Forks’ rebranded Twilight festival under new management and logo

A movie poster for the first "Twilight" film. ()

A movie poster for the first "Twilight" film. ()

FORKS — After 10 years, Twilight is still bright in Forks.

With a newly rebranded Stephenie Meyer Day Twilight festival, a new logo and new management for the festival, the Forks Chamber of Commerce seeks sponsors for the 10th anniversary of the release of Meyer’s first of the Twilight series of novels.

The September festival will now be known as Forever Twilight in Forks, said Lissy Andros, chamber executive director and chairwoman of the festival committee.

“It honors Stephenie and all things Twilight,” Andros told those at a chamber luncheon last week.

Since 2010, Stephenie Meyer Day events have been run by various organizations, individuals and businesses, but the chamber agreed to take over the four-day event this year, Andros said.

“We will try to make it bigger and better,” she said.

Meyer, who lives in Arizona and owns a home on Marrowstone Island, attended the 2013 festival, and plans are being made to accommodate a visit if Meyer decides to attend this year, Andros said.

The four-day celebration will begin Sept. 10 with check-in and continue through Sept. 13 — which is the fictional protagonist Bella Swan’s birthday.

A four-day “Weekend Escape Package” ticket will offer entry to all events, includes extra “goodies” and offers early entry for a few special events.
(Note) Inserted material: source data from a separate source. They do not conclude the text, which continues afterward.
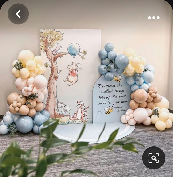 The color palette is gentle and inviting, perfect for a baby shower or a child’s birthday celebration. This setup offers a beautiful backdrop for capturing precious memories. Guests will adore posing with these classic characters and heartwarming sentiments.
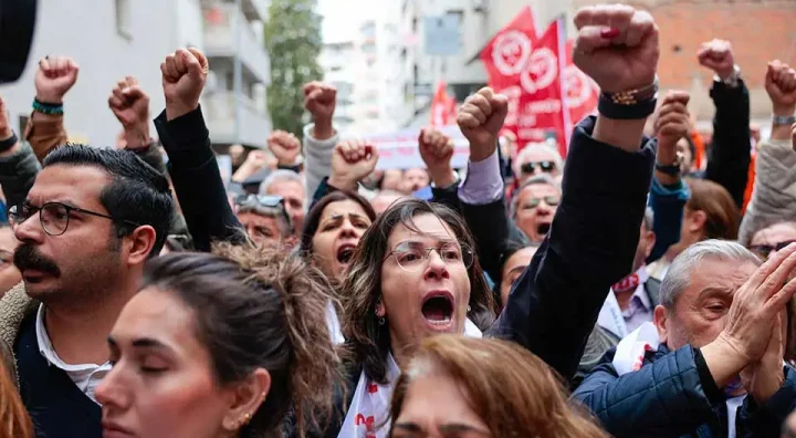 مئات من الأتراك ينزلون إلى الشوارع للاحتجاج على اعتقال عمدة إسطنبول ومرشح الرئاسة عن حزب الشعب الجمهوري التركي (CHP)، أكرم إمام أوغلو، في إزمير، تركيا، في 19 مارس 2025. (صورة بواسطة بيركجان زينجين / صور الشرق الأوسط / صور الشرق الأوسط عبر وكالة الصحافة الفرنسية)
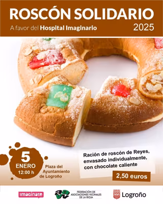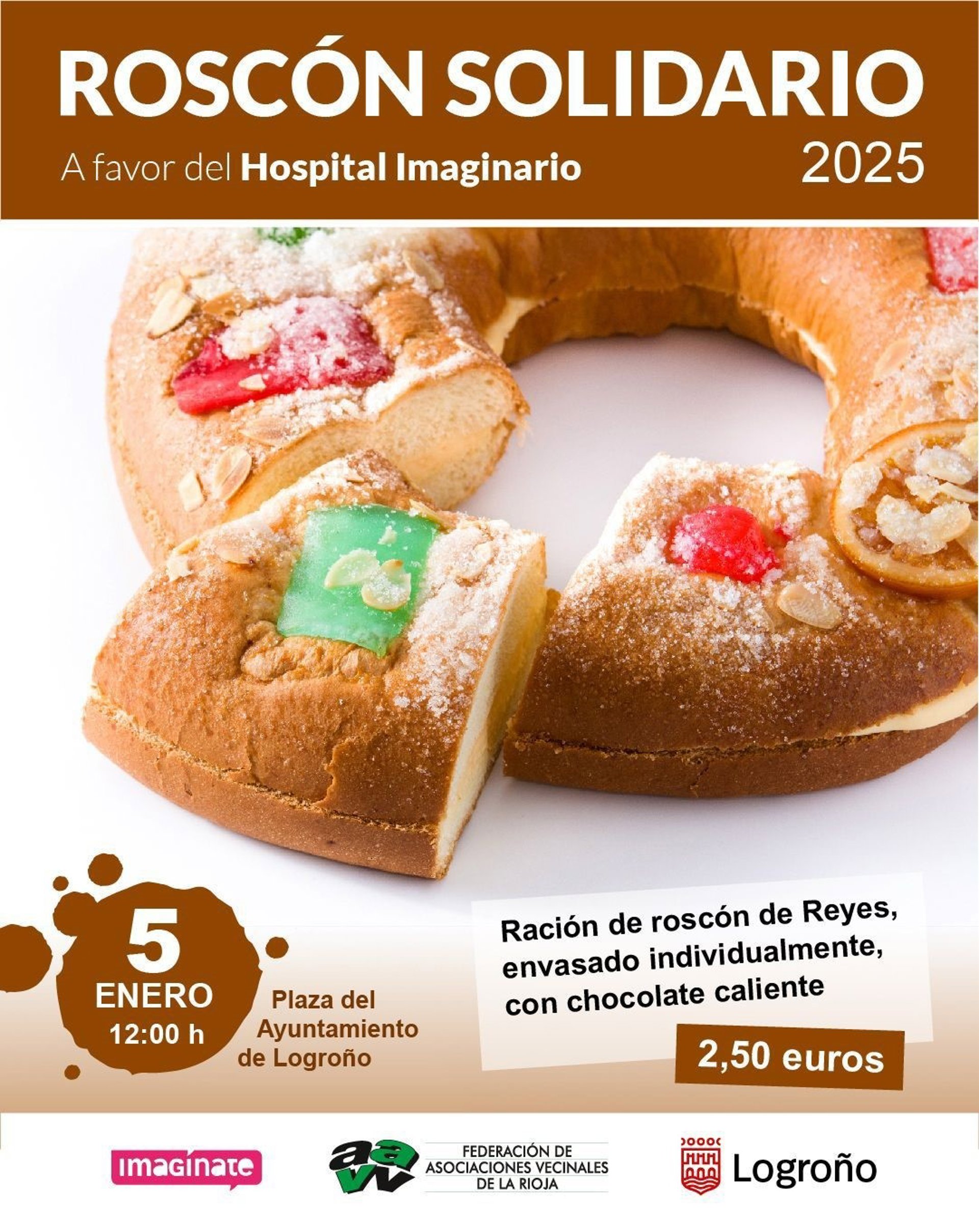 La Plaza del Ayuntamiento de Logroño acogerá este domingo, 5 de enero, el tradicional 'Roscón Solidario', una actividad organizada por la Federación de Asociaciones Vecinales de La Rioja con la colaboración del Ayuntamiento de Logroño.
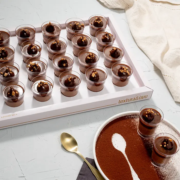 כוס מוס שוקולד מריר, שוקולד חלב ופרלינה גנדוג'ה חלומי
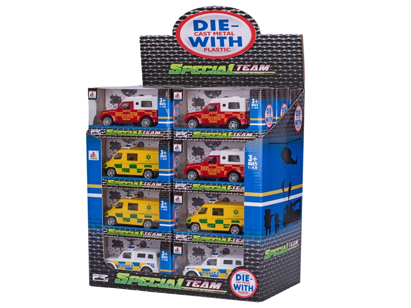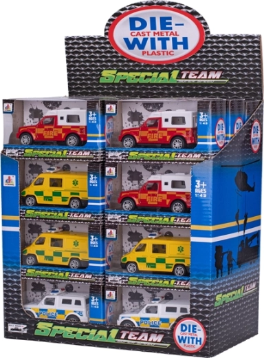 Acest set realist de modele metalice ale serviciilor de salvare aduce copiilor situații de joc autentice: de la patrula poliției la intervenția pompierilor și până la salvarea cu ambulanța. Datorită caroseriei metalice rezistente cu detalii din plastic, roților libere și mecanismului de întoarcere, vehiculele pornesc rapid după ce sunt trase înapoi.
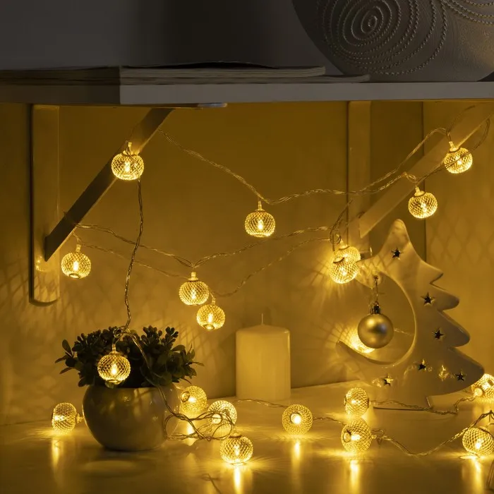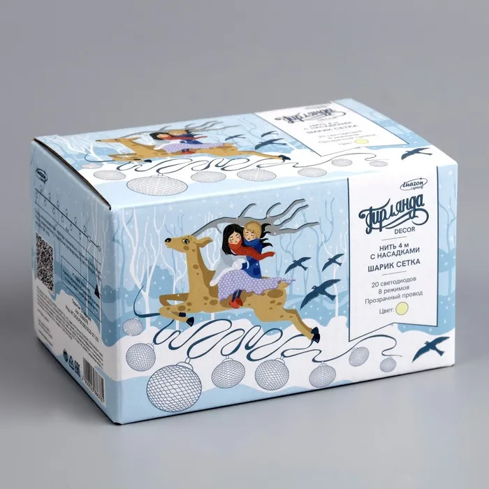 Гирлянда «Нить» 4 м с насадками «Шарик сетка», IP20, прозрачная нить, 20 LED, свечение тёплое белое, 8 режимов, 220 В — Характеристики

The package ticket is available for $150 until June 1 and can be purchased in Forks’ online store at www.forkswa.com/online-store.

Ticket prices will increase after June 1, Andros said.

Andros formally introduced the new logo for the celebration, which uses lowercase letters in red and black in the same font as the original book cover with a red apple, commonly a symbol associated with the novel series.

“We are the Forks of the books,” Andros said.

The books take place in the Forks area, with scenes in Port Angeles, but the movie was filmed elsewhere, she said.

Andros said she is seeking sponsors to cover the initial expense of the festival and to pay for professional performers to attend, including guest actors from the movies and cosplayers to take on the role of vampires and werewolves.

Sponsor names will be printed on the back of the festival’s official shirt.

There are several Forks-area sponsors already and a few Port Angeles sponsors whose businesses appear in the book.

“Twilight is a story that is loved by millions,” Andros said.

The original novel by Stephenie Meyer was released Oct. 5, 2005, and by the end of November of that year, the book was No. 5 on The New York Times’ best-seller list.

It featured the story of Bella, 17, who moved from Arizona to Forks to live with her father, Police Chief Charlie Swan.

The book was followed by New Moon, Eclipse and Breaking Dawn.

In the series of novels, Bella falls in love with two men — a 100-year-old vampire, Edward Cullen, and a teenage Quileute werewolf, Jacob Black — and must choose between the very different lives they offer, then has to fight for her choice and her life.

Eventually, the story was made into a series of movies released from 2008 through 2012.

In 2006, fans of the books began trickling in to the Forks Visitor Center and asked questions about the sites in the book.

Visitor center staff quickly read the book and worked to prepare for the flood that was to come.

Ten years and 340,000 visitors later, Forks still embraces the Twilight phenomenon.

The year 2004 and 2005 had been low in the number of visitors who stopped in the visitor center, with only 5,195 and 5,575 arriving to get information about the area, down from the 15,849 who signed their names in the visitor center’s guest book in 1997.

In 2007, that number jumped to 10,295, then to 72,000 visitors in 2010, after the release of the first movie.

The visitor center offered Twilight book location maps, cutouts of the characters and added two antique red pickup trucks, one to match Bella’s 1953 Chevrolet truck from the books and the other a duplicate of the 1963 Chevrolet stepside truck used in the movie.

In 2014, the number of visitors had declined to 33,512 — still more than double the number of visitors seen during the best of the pre-Twilight years.

Many of those Twilight visitors have been coming from around the world, since the books have been translated into other languages, Andros said.

She has said that visitor counts at the center may underestimate the number of visitors because many return visitors do not sign in at the visitor center.

Many visitors who came for Twilight the first time have developed favorites in Forks — selecting the hotels or inns they stay in, the restaurants where they eat and often head directly to the places they already know and love, she said.